Problem to solve: Could you reproduce the lines below from the one with "4. Put down when it comes to the top" through the one with "normal: 33-45%), high"? Keep both ends and add nothing.

··· Data listing

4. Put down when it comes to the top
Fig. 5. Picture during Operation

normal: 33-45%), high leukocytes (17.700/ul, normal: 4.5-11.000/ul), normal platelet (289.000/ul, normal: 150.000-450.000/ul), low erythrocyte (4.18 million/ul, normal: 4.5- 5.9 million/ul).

······
··· Data listing

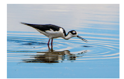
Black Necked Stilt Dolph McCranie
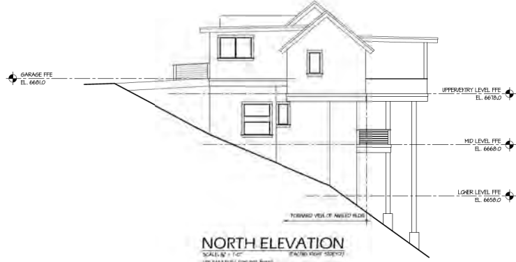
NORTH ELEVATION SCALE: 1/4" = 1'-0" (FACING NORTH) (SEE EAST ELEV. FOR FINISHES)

······
··· Data listing

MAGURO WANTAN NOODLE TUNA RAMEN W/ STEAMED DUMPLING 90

······

Response to this exercise:
4. Put down when it comes to the top
Fig. 5. Picture during Operation

normal: 33-45%), high leukocytes (17.700/ul, normal: 4.5-11.000/ul), normal platelet (289.000/ul, normal: 150.000-450.000/ul), low erythrocyte (4.18 million/ul, normal: 4.5- 5.9 million/ul).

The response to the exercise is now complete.